Peut-on confier à une juge chargée d'instruire à charge ET A DECHARGE, une affaire concernant des gens dont elle dit qu'ils veulent l'abattre ?
Ca risque de tourner à la vendetta, non ?


âne debout 24/10/2010 17:01



Oui, peut-être, alors il faut dépayser tous les dossiers, y compris les différentes enquêtes préliminaires confiées au procureur Courroye.
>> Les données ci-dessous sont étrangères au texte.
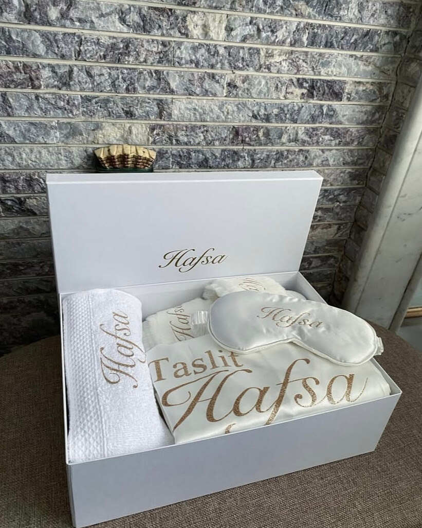 coffret : avec peignoir, chaussons, masque de sommeil, essuie

Je crains juste que ce ne soit un peu tard
: Courroye a dû border les dossiers afin de ne transmettre que ce qu'il voudra bien.



Carlus 23/10/2010 23:02


Conclusion : l'un pense qu'on peut violer le secret de l'instruction mais pas celui des sources des journalistes et l'autre pense qu'on peut violer le secret des sources des journalistes et pas
celui de l'instruction.

Ceci dit, ni l'un ni l'autre ne paraissent impartiaux : l'un soutient le pouvoir, l'autre rêve d'en découdre avec lui !


âne debout 24/10/2010 13:52



Donc, pour toi, match nul ?



Pangloss 23/10/2010 13:07


Résultat des courses: on écrit un bouquin qui -je le parie- délaye en deux cents pages ce qui pourrait tenir en deux.


âne debout 23/10/2010 18:35



C'est possible. Mais en tous cas, le proc continue sans vergogne à bloquer l'enquête qui pourrait nuire à certains.